The double-channel multilayers used a combination of W/Si and Ru/C multilayers, and Ru/C multilayers and W/Si multilayers work in the energy range of 10-18 keV and 18-25 keV, respectively. The W/Si and Ru/C multilayer samples are fabricated in a linear magnetron sputtering system. The base pressure before the deposition is 9.5×10^-5 Pa and the working gas uses high-purity argon (volume fraction of 99.999%). A series of experiments are first carried out on Si wafers mainly to optimize the quality and thickness uniformity of the multilayers. The uniformity in the length direction can be ensured as long as the stability of the motion rate is guaranteed, and the uniformity in the width direction can be controlled by installing a crescent-shaped mask in front of the target. Then, W/Si and Ru/C double-channel multilayers are deposited on the surface of a high-precision Si plane mirror based on the optimized results. The areas of the two multilayer stripes are both 320 mm×20 mm, and the interval is less than 3 nm. After deposition, the multilayer samples are characterized by grazing incidence X-ray reflectometry (GIXR) at 8.04 keV using an X-ray diffractometer. The GIXR curve is fitted by IMD software to obtain thickness, density, and interface width. The non-specular scattering tests of the multilayers are also conducted on an X-ray diffractometer. The surface morphologies of the multilayers are measured by atomic force microscopy (AFM) and then one-dimensional power spectrum density (PSD) functions are calculated.
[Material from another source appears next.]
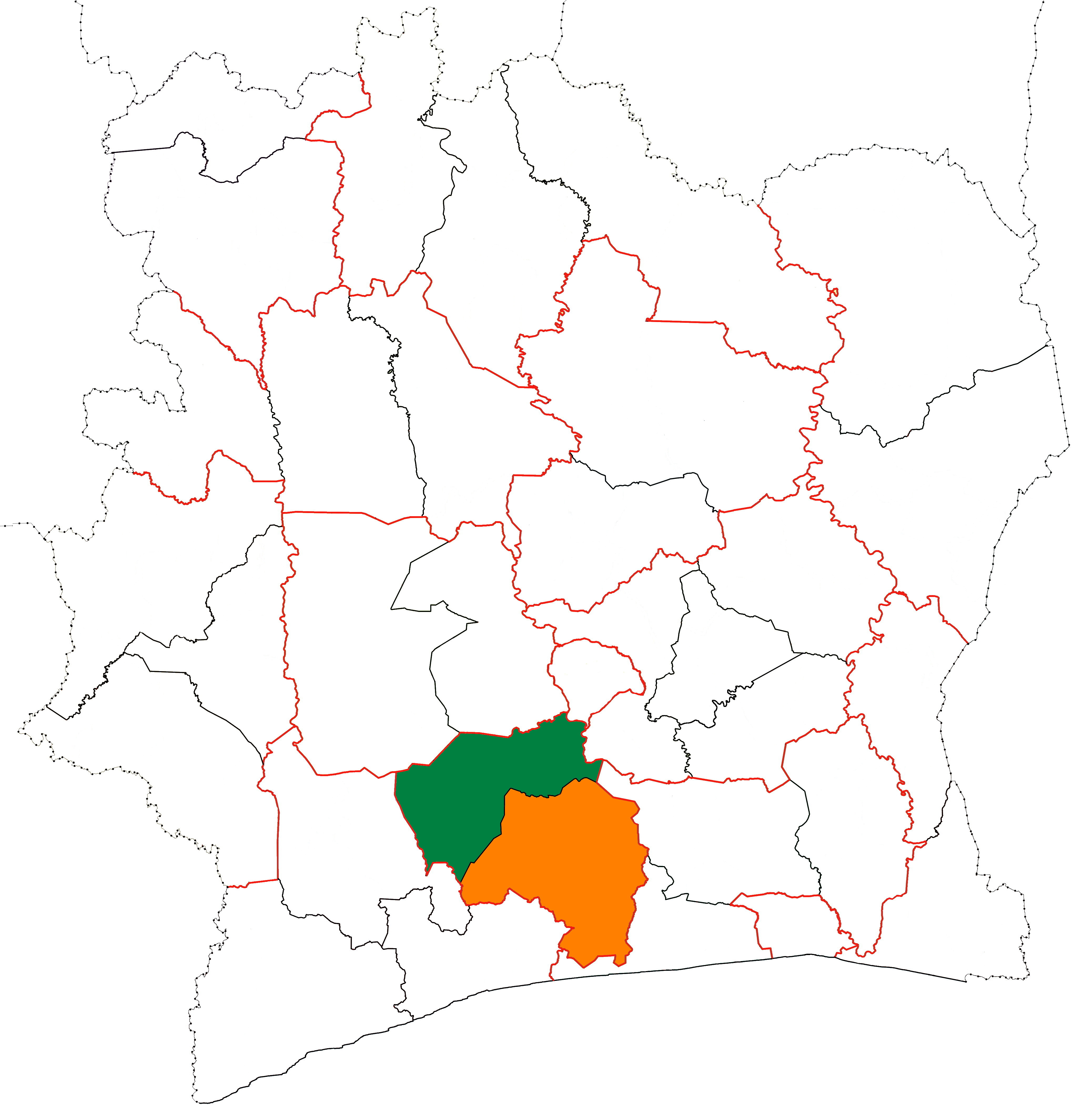 The location of Gôh region (green) in Côte d'Ivoire. The other shaded areas represent the other parts of Gôh-Djiboua District.

A W/Si and Ru/C double-channel multilayer mirror is fabricated in this paper. After process optimization, within the range of 320 mm length and 20 mm width, the RMS error of the thickness of the W/Si multilayer is 0.30% and 0.19%, and that of the Ru/C multilayers is 0.39% and 0.20%, which has almost reached the world-class level. Finally, on the basis of the optimized experimental results, W/Si and Ru/C multilayers are deposited on a high-precision Si plane mirror with a size of 350 mm×60 mm in two stripes, and the estimated reflectivity (8.04 keV) is 68% and 65%, respectively. The multilayer mirrors can meet the requirements of the beamline and are successfully applied in the membrane protein beamline of SSRF. In future research, uniformity can be improved by increasing mask fabrication, mounting accuracy, and substrate movement rate stability.